My current code looks like: 我当前的代码如下:

fitObject <- lm(mydata)
DEP.select <- stepAIC(fitObject, direction = 'both', scope= list(lower = ~AUC), trace = F, k = log(obs))
# DEP is my dependent variable, and AUC is an independent variable I was want to have in my model.

The problem is that a lot of my variables have high correlation, and the result stepAIC gives me contains several of those highly correlated variables. 问题是我的很多变量都具有很高的相关性,而stepAIC给我的结果包含了其中一些高度相关的变量。 Notice that I have forced AUC in the model, multicollinearity is a problem especially when those variables highly correlated with AUC are chosen in the model. 请注意,我已经在模型中强制使用AUC,多重共线性是一个问题,尤其是在模型中选择了与AUC高度相关的变量时。

Is there a way to specify in the function some thresholds for correlation or p-value of the coefficients? 是否可以在函数中指定一些相关系数或p值的阈值?

Or any comments on other approaches that can solve my problem are welcome. 或者欢迎对可以解决我的问题的其他方法发表评论。

Thank you! 谢谢!

Perhaps Variance Inflation Factor will work better for you. 也许方差通货膨胀系数会更适合您。 This article explains some of the logic. 本文介绍了一些逻辑。 http://en.wikipedia.org/wiki/Variance_inflation_factor http://en.wikipedia.org/wiki/Variance_inflation_factor

Example use: 使用示例:

v=ezvif(df,yvar ='columnNameOfWhichYouAreTryingToPredict')

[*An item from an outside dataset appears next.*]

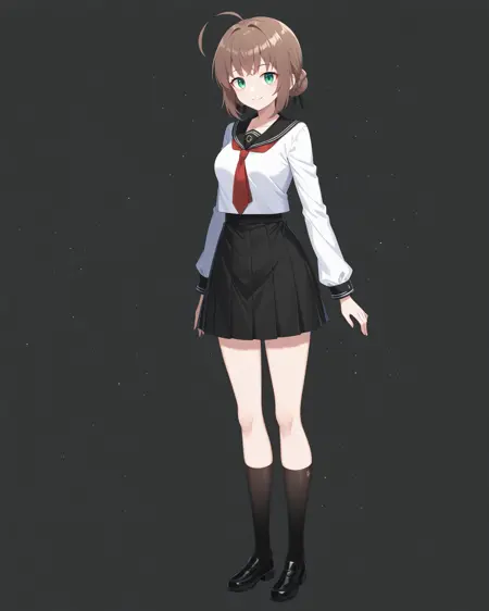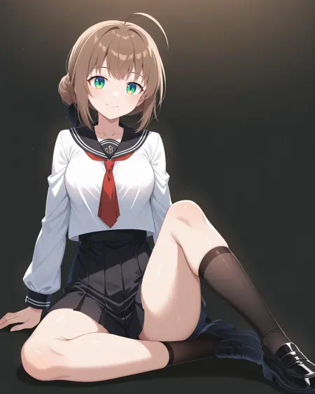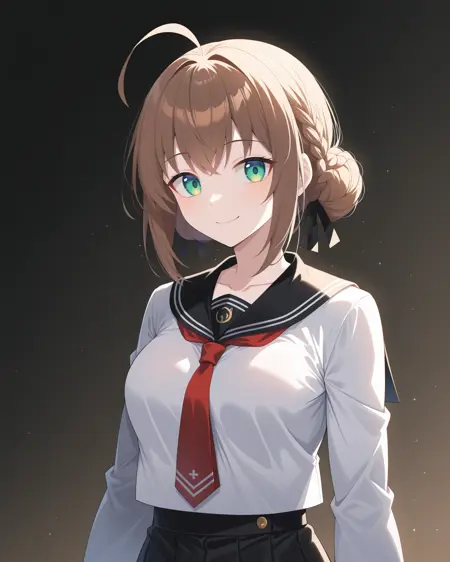 <lora:DuvalieMagical_Illustrious:1>, Duvalie, 绿眼, 棕发, 黑色发带, 编发发髻, 发髻, 天线发, 中等胸部, 学院制服, 红色领结, 白色衬衫, 黑色裙子, 黑色袜子, 黑色乐福鞋,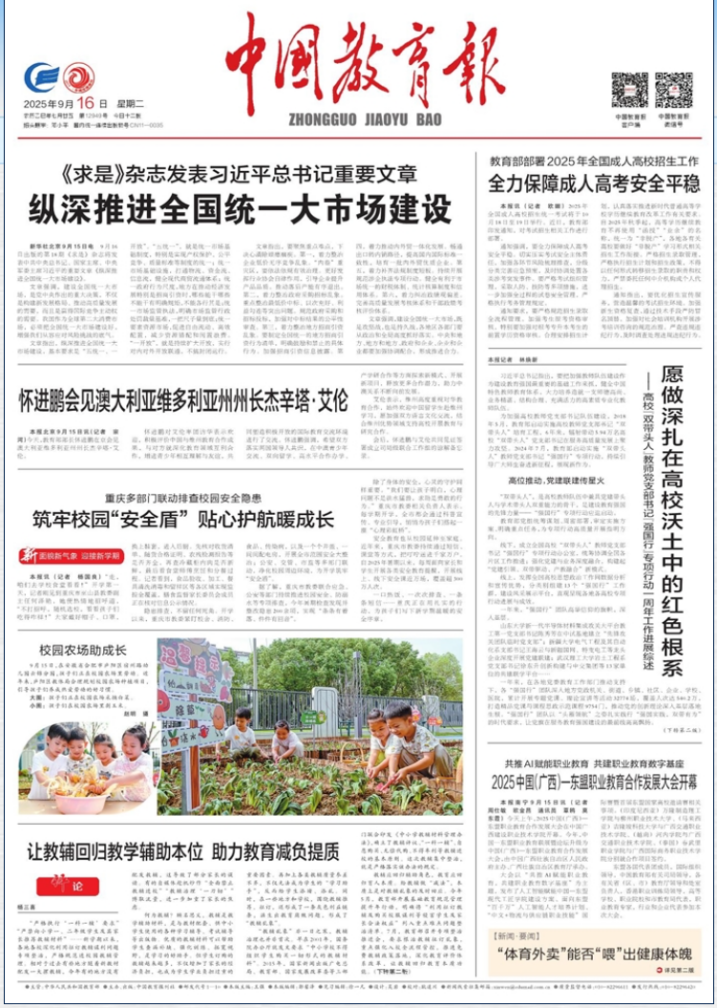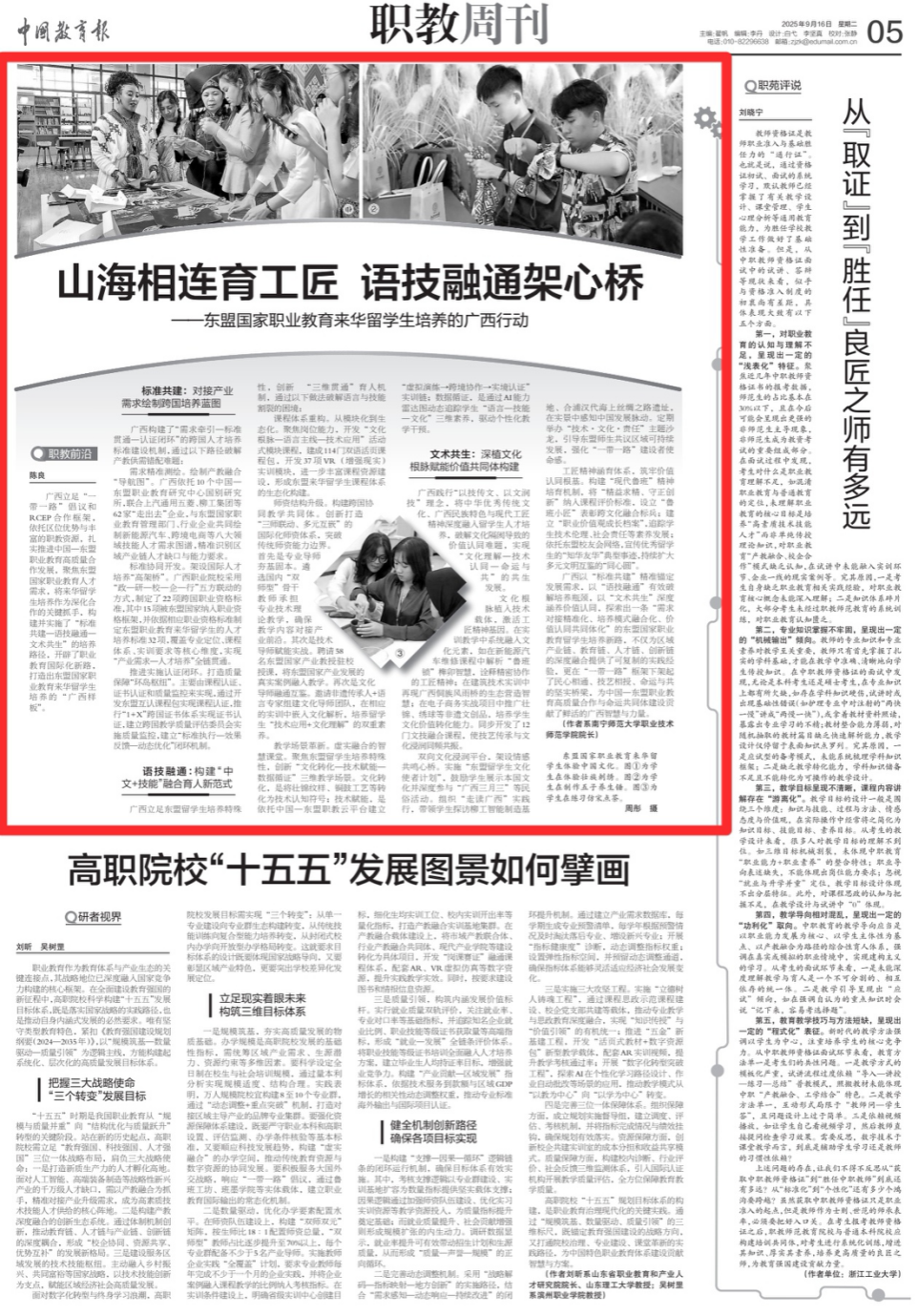 2025年9月16日,《中国教育报》刊发beat365官网职业技术师范学院陈良院长署名文章《山海相连育工匠语技融通架心桥——东盟国家职业教育来华留学生培养的广西行动》,全文如下——

Here is the function I wrote that combines VIF::vif with cross validation. 这是我编写的将VIF :: vif与交叉验证结合在一起的函数。

require(VIF)
require(cvTools);
#returns selected variables using VIF and kfolds cross validation 
ezvif=function(df,yvar,folds=5,trace=F){
  f=cvFolds(nrow(df),K=folds);
  findings=list();
  for(v in names(df)){
    if(v==yvar)next;
    findings[[v]]=0; 
  }
  for(i in 1:folds){   
    rows=f$subsets[f$which!=i]
    y=df[rows,yvar];
    xdf=df[rows,names(df) != yvar]; #remove output var    
    vifResult=vif(y,xdf,trace=trace,subsize=min(200,floor(nrow(xdf))))
    for(v in names(xdf)[vifResult$select]){
      findings[[v]]=findings[[v]]+1; #vote
    }
  }
  findings=(sort(unlist(findings),decreasing = T))    
  if(trace) print(findings[findings>0]); 
  return( c(yvar,names(findings[findings==findings[1]])) )  
}

I would recommend to remove the variables with high correlations. 我建议删除具有高相关性的变量。 The libraries caret and corrplot can help: 库插入符和更正可以帮助:

library(corrplot)
library(caret)
dm = data.matrix(mydata[,names(mydata) != 'DEP'] #without your outcome var

Visualize your correlations clustering highly correlated together 可视化您的相关性,将高度相关的聚类在一起

corrplot(cor(dm), order = 'hclust')

And find the indices of variables that you could remove due to high (>0.75) correlations 并找到由于高(> 0.75)相关性而可以删除的变量的索引

findCorrelations(cor(dm), 0.75)

Removing these variables can improve your model. 删除这些变量可以改善您的模型。 After removing the variables, continue doing the stepAIC as you described in your question. 删除变量后,按照问题中的说明继续执行stepAIC。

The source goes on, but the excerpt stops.